何か食べ物を食べるとき、一口何回噛んでいますか?
よーく噛む人もいれば、飲み込むように食べてしまう人もいるかもしれませんね。
よく噛んで食べると言うことは消化吸収をサポートするためにも大切なことですが、噛む力を養うためにもとても大切なことです。
「噛む力」と「スポーツ」
日本代表候補などに選ばれた際、大きな大会の前には必ず内科、整形外科、歯科のチェックを受けることが義務となっていることからも、歯の健康管理はアスリートにとってとても重要なことと言えます。
虫歯はないかと言うことや、歯並びに問題はないかと言うことももちろん大切ですが、噛む力(咬合力・こうごうりょく)もパフォーマンスと深い関わりがあります。
噛む力が運動時にどのような影響を与えているか、簡単にまとめました。
◆噛みしめと筋力
→ 噛みしめると筋力発揮に有効に作用することがある
例)「ここぞ!」と言うタイミングで噛みしめ、筋力を発揮する
敏性・球技系の競技(サッカー、野球、卓球、バレーボール、バスケットボールなど)
◆噛みしめと関節固定
→ 噛みしめると関節を固定し、体軸を安定化する
例)噛むことによって筋力を発揮し、重心安定を求める。
力・バランス系の競技(ボート、ゴルフ、ライフル射撃など)
全ての競技がどちらかに振り分けられると言うわけではなく、7割以上の競技は俊敏性、力、バランスの総合力が求められます。
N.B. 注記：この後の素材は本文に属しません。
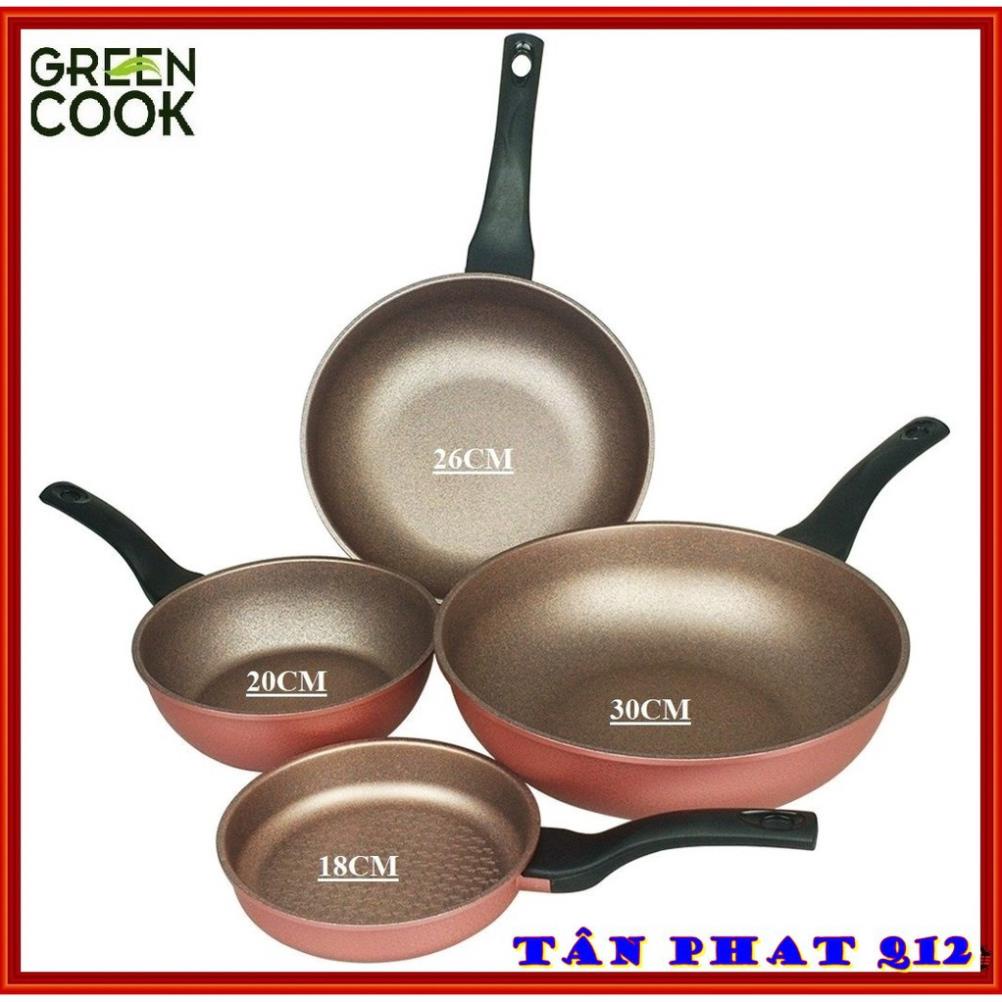 Giới thiệu [ĐỦ SIZE] CHẢO ĐÚC VÂN ĐÁ ĐÁY TỪ chống dính 7 lớp GREENCOOK (màu hồng siêu xinh)
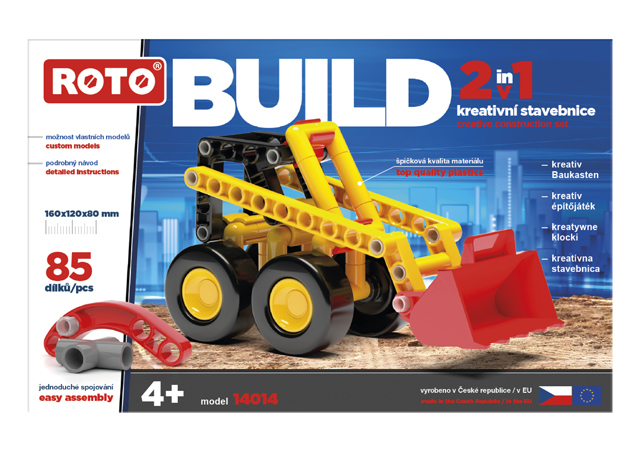 Na žádné stavbě nesmí chybět pořádný bagr. ROTO 2v1 - vstupní brána do světa snadného skládání složitých věcí. Libovolně kombinovatelné s dalšími stavebnicemi ROTO. Vyrobeno v ČR z vysoce kvalitních plastů. Obsahuje 85 dílků.

なので、スポーツをしている最中ずっと噛みしめていることがいいと言うわけではなく、「ここぞ!」と言うタイミングで噛みしめる力が、プラスに作用することもあると言うことです。
例えば、サッカーであればシュートする瞬間、野球であればバッティングの瞬間に歯を強く噛みしめることがわかっています。
食事で噛む力を育てる
成長期のジュニア時代は特に、よく噛むことを意識して食事をすることが重要です。
加齢に伴い筋力が低下し軟らかい食べものを選ぶようになると、噛む力や飲み込む力がどんどん衰えていきます。子供も同じように、噛む習慣をつけていないと噛む力は発達しません。
柔らかいものを好んで食べていると、噛む力(咀嚼力・そしゃくりょく)が低下し、歯応えのあるものや、硬いものを食べようと思うとすぐに疲れてしまい、また柔らかいものばかりになる・・・と言う悪循環が起こってしまいます。
これでは噛む力を育てることはできません。
噛む力を育てるために注意したい点、意識したい点をそれぞれ挙げます。食事選びや食事中に、取り入れてみてください。
1、注意したい食べ物の選び方、食べ方
◆肉や魚は柔らかいものばかり好む(ひき肉や軟らかい薄切り肉、ほぐしてある魚など)
◆飲み物で流し込むように食べる
◆噛む回数が少ない、早食い
2、噛む力を育てる食べ物の選び方、食べ方
◆噛み応えのある食品を選ぶ(かたまり肉、干物、繊維質の多いもの、弾力のあるもの)
◆食材の切り方を大きめにする
◆野菜や果物を皮付きのまま食べる
◆1口30回を目標によく噛んで食べる(早食いの人は、今よりプラス5回を目標にする)
「ひみこの歯がいーぜ」
8020推進財団がよく噛むことの8つの効果を「ひみこの歯がいーぜ」とキャッチフレーズにしています。
ひ・・・肥満予防
み・・・味覚の発達
こ・・・言葉の発音がはっきり
の・・・脳の発達
は・・・歯の病気を防ぐ
が・・・がんの予防
いー・・・胃腸の働きを促進
ぜ・・・全身の体力向上と全力投球
引用:8020推進財団 噛むことの効用「ひみこの歯がいーぜ」
子供だけでなく、成人アスリートにとっても大切なことです。咀嚼力が衰えてしまわないように気をつけましょう。
まとめ
いかがでしたか?
食事は体に必要なエネルギーや栄養素を取り入れるだけでなく、噛む力も育ててくれます。サプリメントやプロテイン、ゼリー飲料などに頼りすぎには注意して、歯応えのある食材をよく噛む習慣をつけましょう。
アスリートとしての競技人生を終えた後も、いつまでもスポーツを楽しむための力にもなりますよ!